Telles étaient, au printemps 1975, les principales conclusions tirées par les responsables politiques et les aménageurs, au vu des premiers résultats du recensement 1968-75. Les motifs de satisfaction — freinage de la région parisienne, dynamisme nouveau des régions de l'Ouest et du littoral — étaient contrebalancés par de nouvelles inquiétudes au nord, à l'est, comme sur tout ce ventre mou de la France, où, dans 16 départements, la population a diminué et où parfois, dans les villages et les campagnes désertés, la vie se retire lentement.

Là se situent les dangers les plus graves pour une unité nationale, finalement beaucoup plus menacée par les distorsions économiques et démographiques que par les revendications régionalistes.

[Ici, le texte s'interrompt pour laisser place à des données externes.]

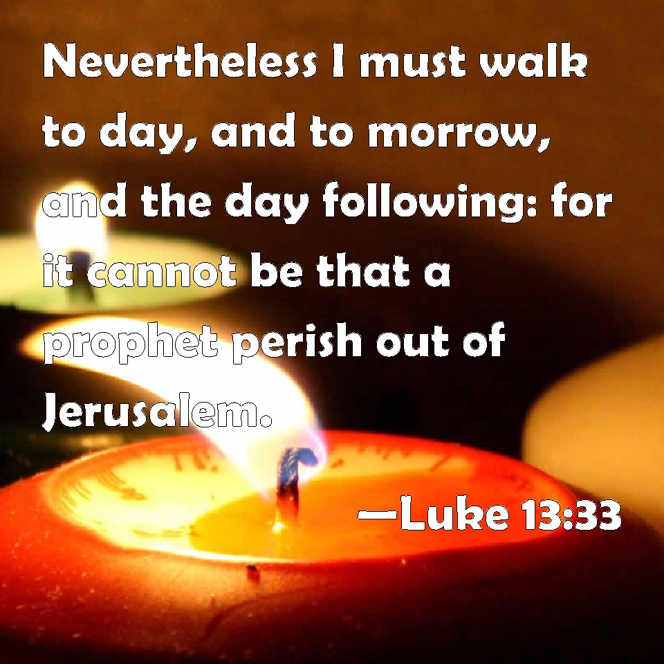 Choose a Background Luke 13:33 Nevertheless I must walk to day, and to morrow, and the day following: for it cannot be that a prophet perish out of Jerusalem. KJV: Nevertheless I must walk to day, and to morrow, and the day following: for it cannot be that a prophet perish out of Jerusalem. DRB: Nevertheless I must walk to day and to morrow, and the day following, because it cannot be that a prophet perish, out of Jerusalem. DBT: but I must needs walk to-day and to-morrow and the day following, for it must not be that a prophet perish out of Jerusalem. ERV: Howbeit I must go on my way today and tomorrow and the day following: for it cannot be that a prophet perish out of Jerusalem. WBT: Nevertheless, I must walk to-day and to-morrow, and the day following: for it cannot be that a prophet should perish out of Jerusalem. WEB: Nevertheless I must go on my way today and tomorrow and the next day, for it can't be that a prophet perish outside of Jerusalem.' YLT: but it behoveth me to-day, and to-morrow, and the day following, to go on, because it is not possible for a prophet to perish out of Jerusalem.Links Luke 13:33 NIV • Luke 13:33 NLT • Luke 13:33 ESV • Luke 13:33 NASB • Luke 13:33 KJV • Luke 13:33 Interlinear • Luke 13:33 Commentaries • Luke 13:33 Parallel Texts • Luke 13:33 Bible Apps • Luke 13:33 Parallel • Bible Hub |

Les 22 régions : bilans et promesses

Documents de base établis dans le cadre de la préparation du VIIe Plan, les rapports d'orientation générale ont été présentés par les préfets de région, fin 1975 et début 1976, devant les assemblées constituant l'établissement public régional : conseil régional et comité économique et social. Ils permettent tout à la fois de dresser un constat de la situation des régions et de dégager leurs perspectives de développement à moyen terme. C'est pourquoi le Journal de l'année a effectué une synthèse de ces différents rapports, qui donnent une image assez précise des 22 provinces françaises en 1975-1976, tout en mettant en valeur, dans chaque cas, les peints les plus importants pour l'avenir de la région. Les données des tableaux sont extraites de Statistiques et indicateurs des régions françaises et Structure des salaires dans l'industrie ; INSEE 1972. Les chiffres entre parenthèses indiquent les années de référence.

Nord-Pas-de-Calais

Intensifier l'effort de reconversion

Le bouleversement de certaines structures socioéconomiques a nécessité, dans le Nord-Pas-de-Calais plus que partout ailleurs, un important mais difficile effort de conversion. Et cet effort a dû se porter en priorité sur deux secteurs menacés, celui du monde rural et celui du bassin minier.

La conversion du monde rural

La population active agricole comptait 169 000 personnes en 1954, 106 000 en 1968 et 90 000 seulement en 1974. Cette régression rapide est « un indice de l'évolution d'un monde qui ne dispose pas de tous les moyens d'organiser son avenir [...]. L'enjeu, c'est le maintien de la population rurale au-dessus de certains seuils, soit pour éviter l'effondrement et l'abandon, soit pour résister à la submersion d'une croissance urbaine anarchique trop forte ». Pour enrayer « une tendance, lourde, mécanique », l'exode agricole, réputé inéluctable, les experts peuvent s'appuyer sur une contre-tendance, encore fragile, et qui repose sur la redécouverte des aspects positifs de certains modes de vie et de travail, échappant à la concentration urbaine et économique.

La stratégie régionale vise donc à favoriser l'éclosion d'un nouveau type de relations entre monde urbain et monde rural. Elle pourrait comporter trois volets :
– favoriser une politique d'équipement valorisant les atouts du milieu rural et assurant une complémentarité de fait avec ceux du milieu urbain ;
– rechercher une prise en charge rapide de cette stratégie par les intéressés, « sinon elle n'aurait aucune chance de se développer » ;
– s'efforcer, sur un territoire donné, d'engager des actions articulées entre elles.

Pour atteindre ces objectifs, un certain nombre de moyens sont envisagés. Par exemple : orienter délibérément les petites entreprises vers quelques pôles d'industrialisation en milieu rural ; implanter des classes vertes, des maisons de retraite et de convalescence ; développer « l'accessibilité » par la promotion des transports collectifs et du téléphone ; favoriser le logement social locatif en petites unités ; développer le tourisme et la protection de l'environnement ; accélérer le remembrement, protéger les zones agricoles proches des villes, défendre l'élevage et les cultures spécialisées.

La conversion du bassin minier

145 000 en 1954, 83 000 en 1968, 47 000 en 1974, et, sans doute, moins de 8 500 en 1985 : telle est la chute des effectifs employés par les Houillères. Résultat : le bassin minier perd sa population. La zone de Lens, notamment, accuse une forte diminution (– 4,1 % de 1968 à 1975), malgré un excédent naturel important. De même, Douai et Valenciennes révèlent une forte aggravation de leur déficit migratoire.